• The task
Given the entries below, would you transcribe exactly the lines starting at the one with "2023年3月17日下午,在" and ending at the one with "HaloThe H27RICAT housing", both kept, pictures omitted, nothing extra?

• Records
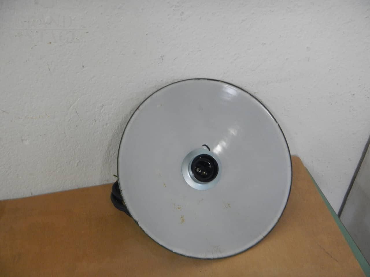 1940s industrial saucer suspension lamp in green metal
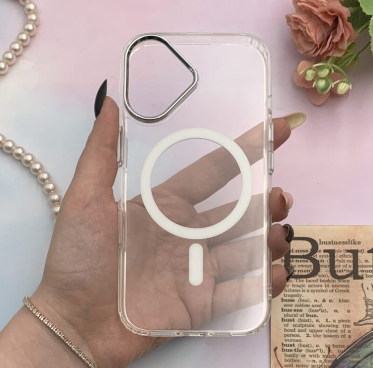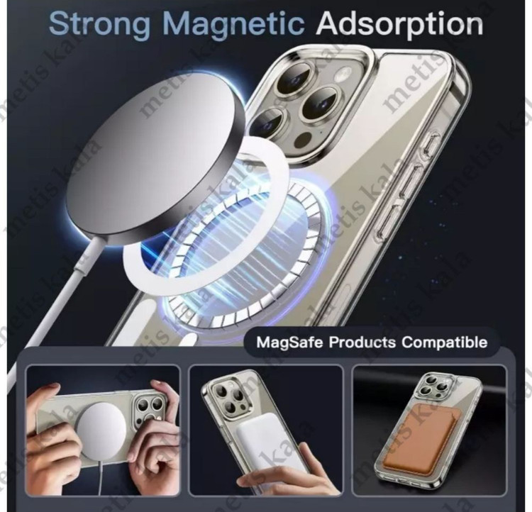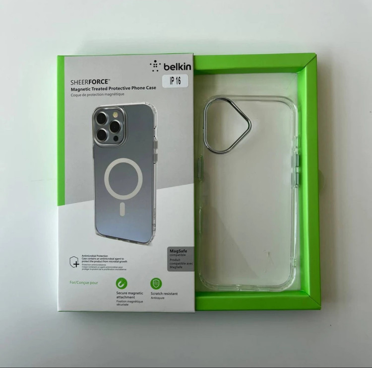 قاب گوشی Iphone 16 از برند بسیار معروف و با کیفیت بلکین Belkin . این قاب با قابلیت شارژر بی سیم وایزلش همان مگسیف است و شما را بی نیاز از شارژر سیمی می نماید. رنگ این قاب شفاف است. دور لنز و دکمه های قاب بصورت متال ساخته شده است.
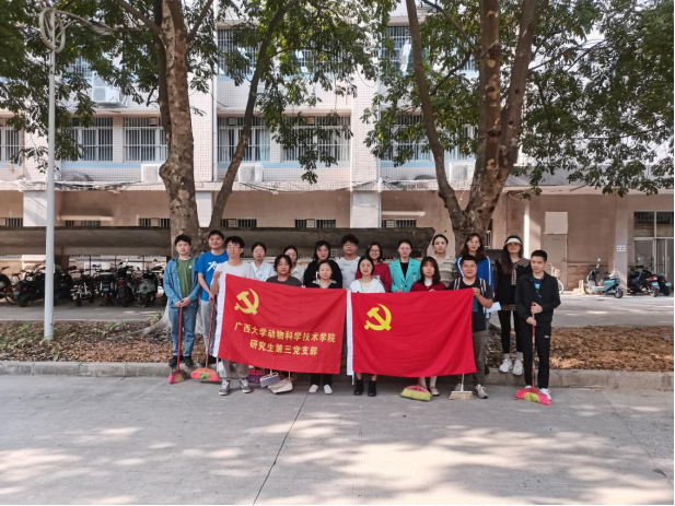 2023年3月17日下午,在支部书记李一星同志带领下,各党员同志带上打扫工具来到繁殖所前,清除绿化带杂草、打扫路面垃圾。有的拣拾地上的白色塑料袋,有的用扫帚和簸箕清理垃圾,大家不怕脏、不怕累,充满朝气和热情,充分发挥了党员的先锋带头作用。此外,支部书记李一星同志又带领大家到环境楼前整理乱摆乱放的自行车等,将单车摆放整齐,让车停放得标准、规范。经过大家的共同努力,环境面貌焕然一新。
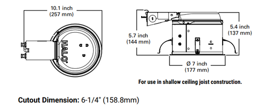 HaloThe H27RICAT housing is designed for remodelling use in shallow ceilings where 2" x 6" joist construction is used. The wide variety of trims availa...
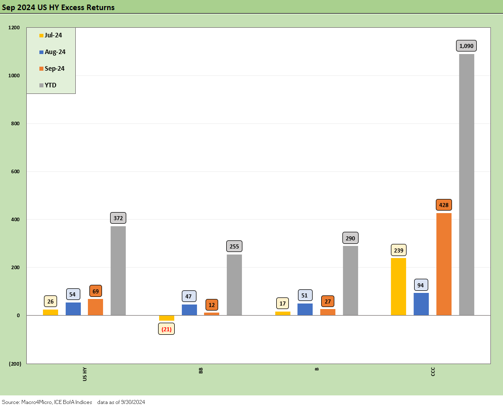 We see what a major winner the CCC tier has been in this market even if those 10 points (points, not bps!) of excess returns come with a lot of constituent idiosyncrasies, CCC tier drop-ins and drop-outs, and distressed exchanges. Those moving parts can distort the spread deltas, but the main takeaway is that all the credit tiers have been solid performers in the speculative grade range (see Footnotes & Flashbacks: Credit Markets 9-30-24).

* * *

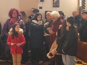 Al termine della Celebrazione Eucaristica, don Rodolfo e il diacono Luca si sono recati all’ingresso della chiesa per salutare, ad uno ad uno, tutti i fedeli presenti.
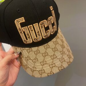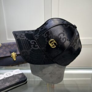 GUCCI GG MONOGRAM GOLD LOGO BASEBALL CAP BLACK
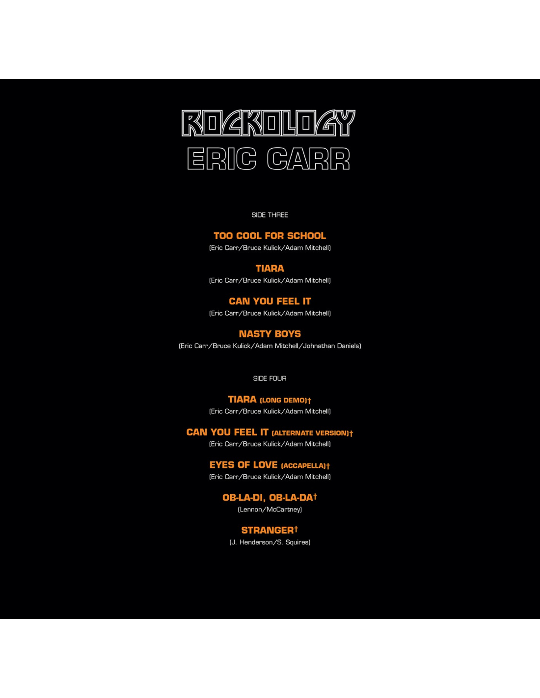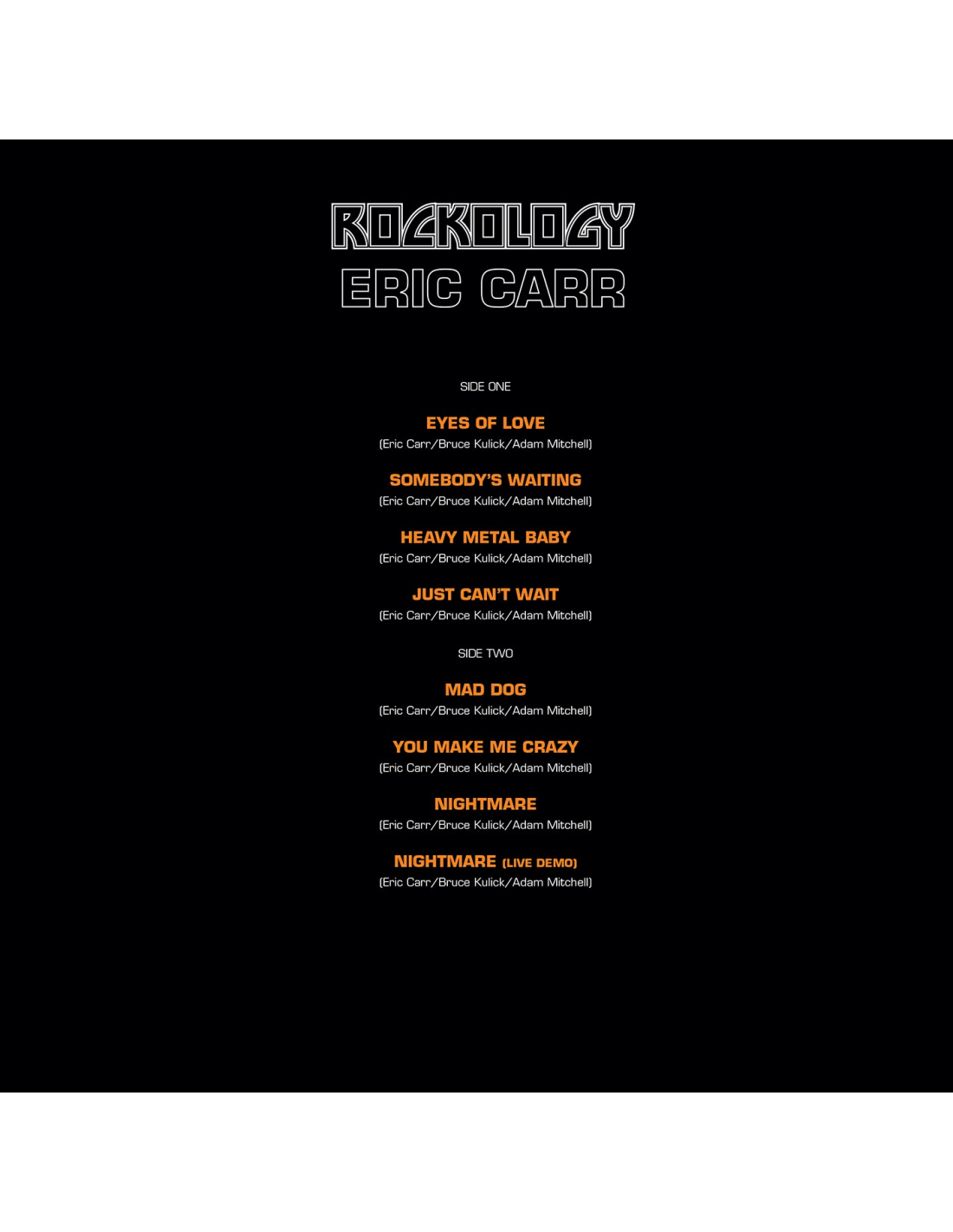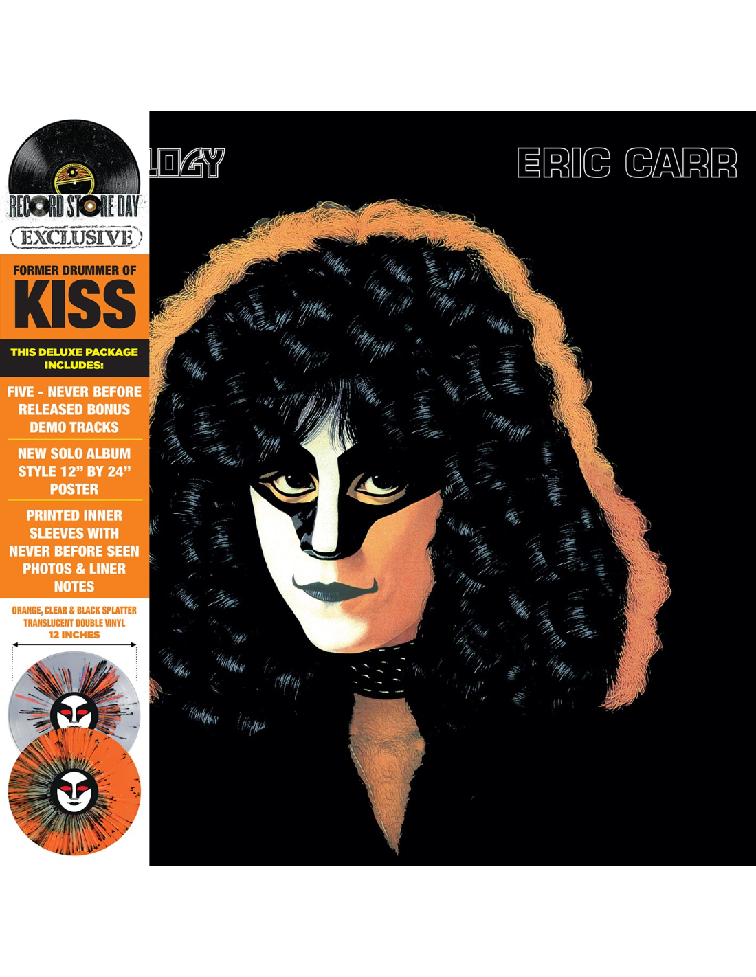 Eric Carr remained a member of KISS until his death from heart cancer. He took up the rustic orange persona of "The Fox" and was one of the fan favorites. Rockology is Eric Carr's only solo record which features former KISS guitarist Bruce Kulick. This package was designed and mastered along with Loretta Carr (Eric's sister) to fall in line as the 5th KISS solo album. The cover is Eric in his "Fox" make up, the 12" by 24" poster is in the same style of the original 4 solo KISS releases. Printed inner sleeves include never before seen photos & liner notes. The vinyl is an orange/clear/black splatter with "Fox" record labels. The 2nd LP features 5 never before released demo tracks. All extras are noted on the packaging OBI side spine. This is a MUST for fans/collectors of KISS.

* * *

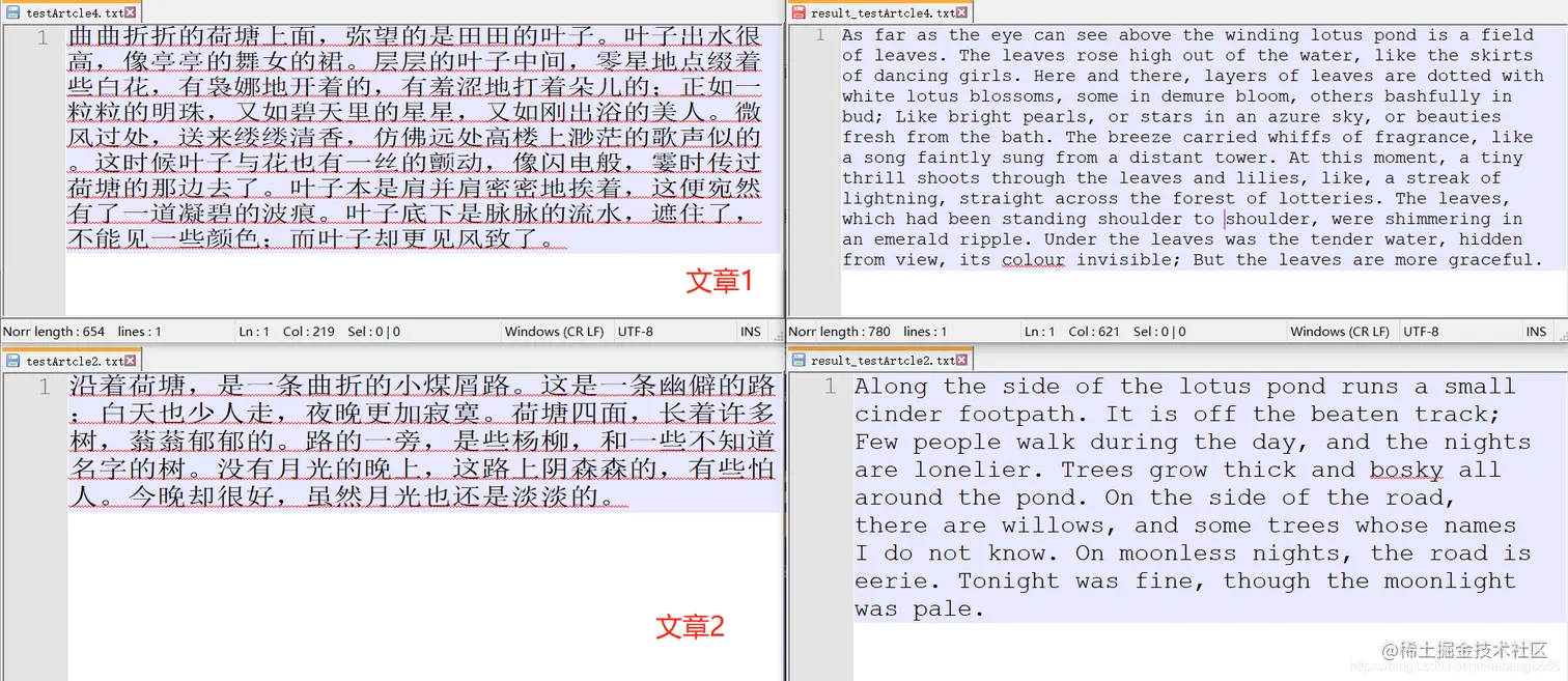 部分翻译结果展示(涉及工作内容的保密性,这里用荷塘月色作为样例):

• Task solution
 2023年3月17日下午,在支部书记李一星同志带领下,各党员同志带上打扫工具来到繁殖所前,清除绿化带杂草、打扫路面垃圾。有的拣拾地上的白色塑料袋,有的用扫帚和簸箕清理垃圾,大家不怕脏、不怕累,充满朝气和热情,充分发挥了党员的先锋带头作用。此外,支部书记李一星同志又带领大家到环境楼前整理乱摆乱放的自行车等,将单车摆放整齐,让车停放得标准、规范。经过大家的共同努力,环境面貌焕然一新。
 HaloThe H27RICAT housing is designed for remodelling use in shallow ceilings where 2" x 6" joist construction is used. The wide variety of trims availa...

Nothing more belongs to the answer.